Conventional systems typically require many hoses, swivels, and straight joints, each of which requires multiple action steps for rig-up and rig-down. In addition, hammer unions are often required, adding to the difficulty. For example, each hose may require unloading, carrying, attaching a wing end, attaching a thread end, detaching the thread end, detaching the wing end, carrying, and loading. Each of the action steps is an opportunity for injury and is time-consuming.
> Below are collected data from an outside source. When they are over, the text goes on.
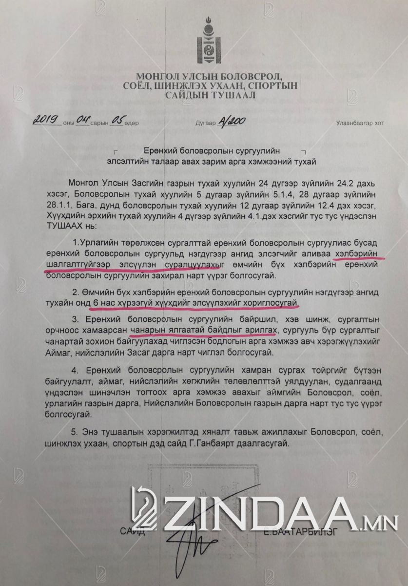 - Урлагийн төрөлжсөн сургалттай Ерөнхий боловсролын сургуулиас бусад Ерөнхий боловсролын сургуульд нэгдүгээр ангид элсэгчийг аливаа хэлбэрийн шалгалтгүйгээр элсүүлэн суралцуулахыг өмчийн бүх хэлбэрийн Ерөнхий боловсролын сургуулийн захирал нарт даалгав.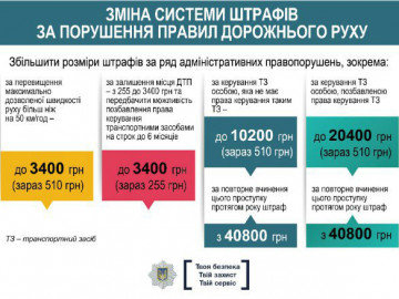 Так, штраф за превышение скорости более чем на 50 км предлагают повысить с 510 до 3400 гривен, за сокрытие с места совершения ДТП - с 255 до 3400 с возможностью лишения права управлять транспортным средством на 6 месяцев, за управление транспортным средством без права управления - с 510 до 10200 гривен, за управление транспортным средством лицом, лишенным такого права, - с 510 до 20400 гривен.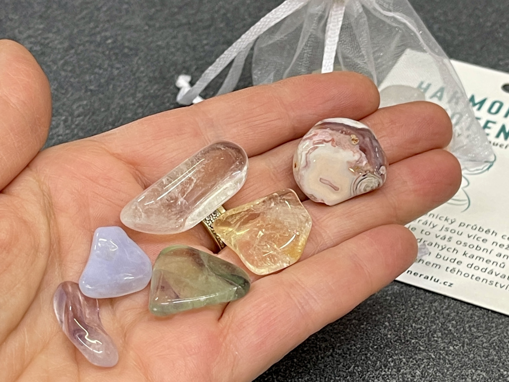 Každý kámen v tomto balíčku byl pečlivě vybrán pro jeho jedinečné vlastnosti, které přispívají k fyzické i psychické pohodě budoucí maminky. Zažijte pocit bezpečí a jistoty s achátem, nechte citrín rozjasnit vaše dny jeho pozitivní energií, fluorit ochrání vaši mysl před stresy a obavami, získejte sílu a sebevědomí s chalcedonem, nabijte se energií a klidem díky křišťálu a nechte ametyst bdít nad vaším klidným spánkem.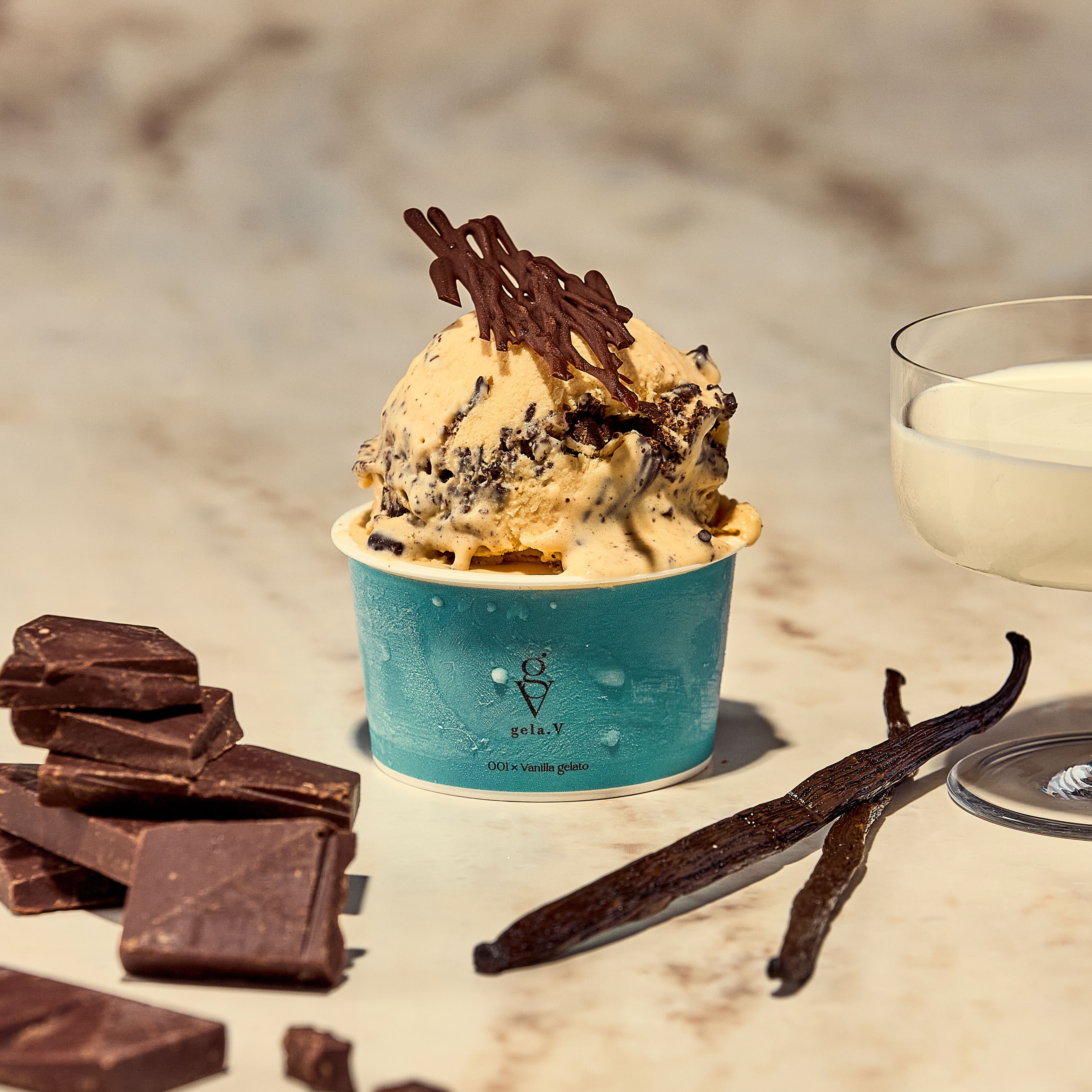 マダガスカル産のブルボンバニラビーンズをふんだんに使用したバニラジェラートに001ダークチョコレートを混ぜ、パリッとした繊細な食感でバニラジェラートとのバランスが絶妙な口溶けに。シンプルかつ濃厚な優しい味わい。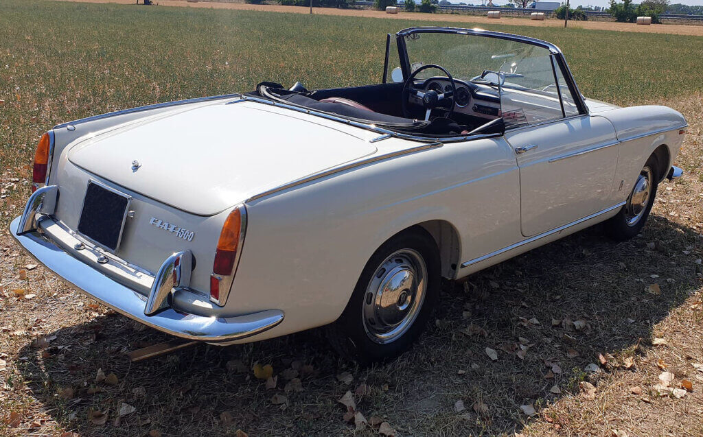 La Fiat 1500 Cabriolet viene presentata nel 1963, al Salone di Ginevra. E’ l’erede della 1200 Cabriolet, sempre con carrozzeria Pininfarina, di cui eredita il motore ad aste e bilancieri, e sviluppa 72 CV, una potenza dignitosa in grado di accontentare certamente la clientela di questo tipo di auto. Con questa nuova versione debutta l’importante restyling della parte frontale dove la calandra assume dimensioni a tutta larghezza e sparisce la finta presa d’aria sul cofano motore. L’abitacolo presenta un buon grado di finitura, con sedili sagomati per trattenere il passeggero nelle curve veloci.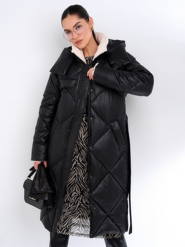 Детали: отстежной капюшон, воротник-стойка и обтачка рукава обработаны мехом,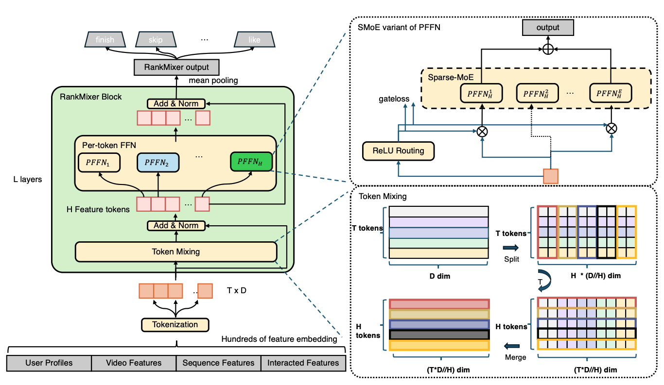 RankMixer (Zhu et al., 2025) 通过hardware-aware的架构设计,从根本上解决了这一问题。其核心原则是从硬件特性反推架构设计,将推荐模型重构为统一的、GPU友好的计算图:用Token Mixing替代Self-Attention以降低复杂度,用Per-Token FFN捕捉特征异质性,用Sparse MoE实现参数高效的模型扩展。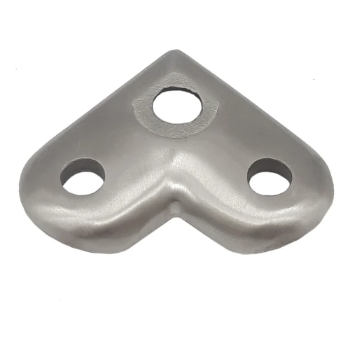 De plaat is bestemd voor het bevestigen van leuninghouders op hoeken — waar de balustradeloop van richting verandert. Montage vindt plaats door de plaat van bovenaf vast te schroeven aan een vlak oppervlak (bijv. paal of dragende zuil). Drie montagegaten zorgen voor een veilige, driepuntsbevestiging en elimineren het risico van rotatie van het element onder belasting.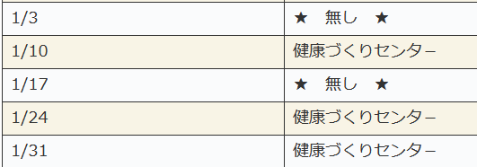 コアラクラブの2026年1月の練習日程を掲載しました。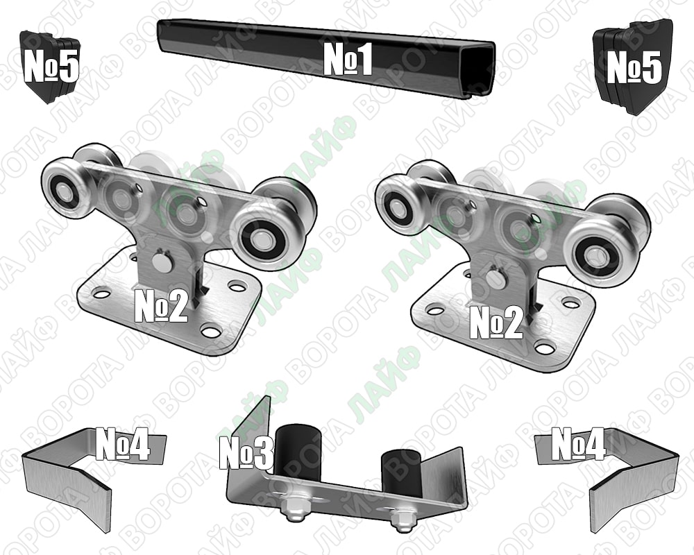 Комплект дозволяє зібрати конструкцію з шириною прорізу до 5 метрів із використанням 2-х роликових кареток. Якщо ширина більша за 5 метрів, рекомендується використовувати 3 і більше каретки для рівномірного розподілу навантаження.

Over the course of a rig-up and rig-down of a complete system, the aggregate of the action steps results in many opportunities for injury and significant time and expense.
In contrast, certain embodiments of this disclosure provide a plug and pump manifold system that would replace the many hoses, swivels, and straight joints with low- and high-pressure lines that are pre-rigged in the manifold system and that have adequate flexibility to accommodate the variability of equipment positioning, vibration and other movement. The low- and high-pressure lines may include articulating arms configured to swing out toward the pumping modules. The low-pressure lines may utilize larger lines that reduce the total number of lines required. By utilizing a hammerless connection, the articulating arms further reduce the time requirements and the safety hazards. The articulating arms are not broken loose as part of the rig-down procedure. Relative to conventional systems, the plug and pump manifold system may reduce the number of action steps, and consequently the time requirements and opportunities for injury, by as much as 60% or more. Accordingly, the present disclosure provides for a novel rig and manifold system with advantages over conventional systems.
Therefore, the present disclosure is well adapted to attain the ends and advantages mentioned as well as those that are inherent therein. The particular embodiments disclosed above are illustrative only, as the present disclosure may be modified and practiced in different but equivalent manners apparent to those skilled in the art having the benefit of the teachings herein. Furthermore, no limitations are intended to the details of construction or design herein shown, other than as described in the claims below. It is therefore evident that the particular illustrative embodiments disclosed above may be altered or modified and all such variations are considered within the scope and spirit of the present disclosure. The indefinite articles “a” or “an”, as used in the claims, are defined herein to mean one or more than one of the element that it introduces. Also, the terms in the claims have their plain, ordinary meaning unless otherwise explicitly and clearly defined by the patentee.